In the murine DSS colitis model, the severity of colonic inflammation is positively associated with decreased goblet cells within the crypts of the colon [31]. Therefore, we assessed the number of goblet cells within the colons of mice treated with DSS and Korean propolis extract using periodic acid-Schiff (PAS) stain, which selectively stains the mucin produced by goblet cells. As expected, mice given DSS alone showed fewer goblet cells than the sham controls, whereas mice given DSS+P500 showed more goblets cells than mice given DSS alone (Figure 5A). Histologic scoring revealed a statistically significant increase in PAS-positive cells per crypt in the DSS+P500 mice compared with the DSS only mice, consistent with the changes observed using H&E staining (Figure 5B). These results indicate that Korean propolis extract can ameliorate goblet cell loss in DSS-treated mice.

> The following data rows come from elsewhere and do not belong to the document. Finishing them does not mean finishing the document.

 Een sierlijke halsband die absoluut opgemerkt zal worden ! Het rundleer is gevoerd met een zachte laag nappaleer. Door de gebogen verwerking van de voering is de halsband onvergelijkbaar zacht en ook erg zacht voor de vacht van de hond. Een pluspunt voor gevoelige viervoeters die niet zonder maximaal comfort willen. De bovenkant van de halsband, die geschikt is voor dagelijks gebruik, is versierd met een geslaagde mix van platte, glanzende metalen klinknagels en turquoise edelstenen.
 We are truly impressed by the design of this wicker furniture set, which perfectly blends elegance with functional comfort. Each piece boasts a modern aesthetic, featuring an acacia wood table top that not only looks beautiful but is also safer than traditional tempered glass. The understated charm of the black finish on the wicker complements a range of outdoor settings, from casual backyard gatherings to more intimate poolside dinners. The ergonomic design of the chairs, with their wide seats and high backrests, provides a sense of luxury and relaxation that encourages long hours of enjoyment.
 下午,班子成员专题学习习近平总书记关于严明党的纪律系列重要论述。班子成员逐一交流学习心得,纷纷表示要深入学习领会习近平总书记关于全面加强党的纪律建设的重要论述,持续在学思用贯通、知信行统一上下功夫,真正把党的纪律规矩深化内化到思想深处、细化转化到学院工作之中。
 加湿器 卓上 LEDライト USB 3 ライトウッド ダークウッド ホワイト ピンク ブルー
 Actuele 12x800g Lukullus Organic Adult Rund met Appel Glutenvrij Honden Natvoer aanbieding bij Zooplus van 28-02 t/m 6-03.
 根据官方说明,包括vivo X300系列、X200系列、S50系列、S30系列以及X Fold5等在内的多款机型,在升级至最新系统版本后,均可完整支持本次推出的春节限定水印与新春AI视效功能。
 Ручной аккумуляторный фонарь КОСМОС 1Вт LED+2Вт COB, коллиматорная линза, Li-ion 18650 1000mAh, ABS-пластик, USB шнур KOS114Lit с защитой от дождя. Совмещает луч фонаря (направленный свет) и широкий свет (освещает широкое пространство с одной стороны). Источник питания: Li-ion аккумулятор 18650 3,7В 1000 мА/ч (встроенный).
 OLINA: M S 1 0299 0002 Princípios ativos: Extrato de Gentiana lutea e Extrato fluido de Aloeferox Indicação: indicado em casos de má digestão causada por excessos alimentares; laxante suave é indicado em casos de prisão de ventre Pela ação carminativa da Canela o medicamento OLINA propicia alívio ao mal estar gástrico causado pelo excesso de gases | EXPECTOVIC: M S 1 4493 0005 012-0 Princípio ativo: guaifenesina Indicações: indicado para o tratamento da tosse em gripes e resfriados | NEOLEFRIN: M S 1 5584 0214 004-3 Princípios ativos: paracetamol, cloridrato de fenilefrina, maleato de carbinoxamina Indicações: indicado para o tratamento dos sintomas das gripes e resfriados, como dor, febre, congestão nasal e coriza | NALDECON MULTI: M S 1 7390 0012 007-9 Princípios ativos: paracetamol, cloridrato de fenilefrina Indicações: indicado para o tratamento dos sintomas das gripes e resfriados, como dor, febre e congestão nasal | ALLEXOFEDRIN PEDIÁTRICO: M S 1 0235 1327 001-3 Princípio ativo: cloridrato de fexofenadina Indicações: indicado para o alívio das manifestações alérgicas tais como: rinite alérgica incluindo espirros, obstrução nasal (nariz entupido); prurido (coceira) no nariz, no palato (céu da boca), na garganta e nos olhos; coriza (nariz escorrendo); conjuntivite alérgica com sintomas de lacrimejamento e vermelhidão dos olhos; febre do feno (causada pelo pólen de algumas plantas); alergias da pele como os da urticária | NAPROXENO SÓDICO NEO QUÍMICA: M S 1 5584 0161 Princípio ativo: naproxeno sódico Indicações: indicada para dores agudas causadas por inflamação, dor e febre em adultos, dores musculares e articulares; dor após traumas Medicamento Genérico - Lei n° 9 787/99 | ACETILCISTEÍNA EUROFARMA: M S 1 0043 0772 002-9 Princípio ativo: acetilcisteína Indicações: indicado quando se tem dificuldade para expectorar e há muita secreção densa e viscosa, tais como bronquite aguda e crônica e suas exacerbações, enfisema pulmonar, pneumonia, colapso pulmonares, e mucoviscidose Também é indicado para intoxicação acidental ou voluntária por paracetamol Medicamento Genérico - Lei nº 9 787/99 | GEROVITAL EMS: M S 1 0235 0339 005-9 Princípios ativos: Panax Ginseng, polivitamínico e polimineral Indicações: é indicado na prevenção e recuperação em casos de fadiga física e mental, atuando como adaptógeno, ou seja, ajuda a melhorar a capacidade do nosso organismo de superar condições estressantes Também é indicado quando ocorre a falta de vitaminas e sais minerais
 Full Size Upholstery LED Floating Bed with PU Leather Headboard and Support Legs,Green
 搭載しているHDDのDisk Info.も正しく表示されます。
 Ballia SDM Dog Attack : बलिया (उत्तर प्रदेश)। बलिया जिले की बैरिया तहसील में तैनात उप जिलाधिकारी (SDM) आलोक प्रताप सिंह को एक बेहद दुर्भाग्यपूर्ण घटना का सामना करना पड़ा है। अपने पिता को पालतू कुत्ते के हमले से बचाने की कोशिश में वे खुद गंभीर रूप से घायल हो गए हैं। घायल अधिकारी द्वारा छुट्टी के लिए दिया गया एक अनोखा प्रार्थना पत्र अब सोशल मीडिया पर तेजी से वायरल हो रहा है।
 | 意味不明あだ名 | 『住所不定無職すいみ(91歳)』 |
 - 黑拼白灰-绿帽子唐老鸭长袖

Effects of Korean propolis extract on water intake, colon length, and spleen weight in DSS-treated mice. A, Water consumption (ml/day/mouse). Daily water intake was measured for 17 days. B, Colon length. C, Spleen weight. Each box represents one mouse. Horizontal bar, median. D, DSS; P, Korean propolis extract. S, sham. **P < 0.01, ***P < 0.001. ns, no statistical significance. n = 10-20 mice per group.
Effects of Korean propolis extract on serum KC levels. Mice were sacrificed on day 17, and sera were isolated through cardiac puncture. Serum KC levels were analyzed using ELISA. Scatter plot. Each box represents one mouse. Horizontal bar, median. *P < 0.05. ns, no statistical significance. n = 7-12 mice per group.
Effects of Korean propolis extract on colonic inflammation in DSS-treated mice. (A) H&E staining of distal colon (large intestine). Magnification x100 (upper panel), x400 (lower panel). Boxed areas were digitally magnified. Results for the propolis (1:500) group are identical to those for the sham group (data not shown). (B) Histologic inflammation scores of the distal colon. Each box represents one mouse. Horizontal bar, median. S, sham; D, DSS; P, Korean propolis extract. *P < 0.05. ***P < 0.001. ns, no statistical significance. n = 7-10 mice per group.
In the DSS-induced colitis model, severe colonic inflammation is positively associated with an increased infiltration of immune cells [32, 33]. To determine whether Korean propolis extract can ameliorate immune cell infiltration, distal colon tissues were examined by immunohistochemical staining for the presence of immune cells. We observed that mice treated with DSS alone showed extensive infiltration of T cells (CD3), B cells (CD20), and neutrophils (MPO), as well as increased COX-2 staining indicative of inflammation (Figure 6A). Mice given DSS+P500 showed decreased immune and inflammatory cell infiltration. Scoring the distribution of immune cells and inflammatory cells revealed that the DSS+P500 treated group showed a significant decrease in all four cell types compared with the DSS alone group (Figure 6B). However, the decreased number of immune cells did not reach the levels observed in the sham group, suggesting that even propolis used at the highest dose did not induce complete recovery. The mice given P500 alone showed no significant differences in immune-reactivity for any of the IHC targets compared with the sham group (data not shown). These results suggest that Korean propolis extract ameliorated immune and inflammatory cell infiltration in the colon.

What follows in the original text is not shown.